Blame game starts as Bermuda minister vows to fast track casino rules

TAGs: bermuda, bermuda casino gaming commission, Jamahl Simmons

Bermuda Tourism Minister Jamahl Simmons finally got the issue of casino regulations rolling in Congress following a short blame game.

Blame game starts as Bermuda minister vows to fast track casino rules The Royal Gazette reported that the incumbent Bermuda tourism official has pressed Congress to introduce regulations for casino gambling this year and ensure that the measure will not face further delays.

Speaking before the Parliament, Simmons said that the Bermuda Casino Gaming Commission (BCGC) has been working closely with the Attorney General to draft and enact rules in a speedy yet diligent manner after the measure was stalled by the previous administration.

Simmons claimed that past BCGC members were the cause for delays that lead to a stumbling block in finalizing regulations. He said that the former members were unwilling to work together to craft regulations that both the BCGC and Attorney-General could work on.

“Under new leadership, the Bermuda Casino Gaming Commission is working with the Attorney-General’s Chambers, via my ministry as the instructing government body, to ensure that these regulations are enacted without further delay,” Simmons said, according to the news outlet.

Former BCGC Chairman Alan Dunch, however, refuted Simmons’ claims, saying that the “real stumbling block in terms of moving matters forward was beyond the curtilage of the commission itself.”

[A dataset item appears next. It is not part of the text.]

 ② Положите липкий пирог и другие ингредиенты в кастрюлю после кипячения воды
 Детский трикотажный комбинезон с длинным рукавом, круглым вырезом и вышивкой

He pointed out that the commission already accomplished its work last year, contrary to the testimony of Simmons in the parliament. It surprised Dunch that it took the Bermuda government eight months to move the measure when it was, in effect, completed almost a year ago.

During his term, Dunch recalled that the commission submitted a draft memorandum with 19 sets of casino regulations to the cabinet. He said they prodded the Parliament to have the draft memo approved and tabled pursuant to the government’s negative resolution procedure.

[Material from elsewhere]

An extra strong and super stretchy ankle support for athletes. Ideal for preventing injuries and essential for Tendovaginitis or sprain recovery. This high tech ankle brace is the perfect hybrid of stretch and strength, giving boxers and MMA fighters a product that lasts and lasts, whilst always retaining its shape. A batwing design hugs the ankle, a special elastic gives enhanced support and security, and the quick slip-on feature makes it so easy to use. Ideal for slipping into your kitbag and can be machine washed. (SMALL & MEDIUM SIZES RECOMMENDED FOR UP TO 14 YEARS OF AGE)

“[The regulations] were presented in a manner which should have enabled immediate tabling before Parliament so as to have a comprehensive regulatory process in place prior to the license applications process being completed,” the ex-BCGC chair told the Royal Gazette.

Meanwhile, Simmons assured the Parliament that the new regulatory framework was in line with the global gambling industry standards.

The regulatory framework was divided into three phases, the first of which contained regulations that would allow BCGC to commence the suitability stage of the licensing process.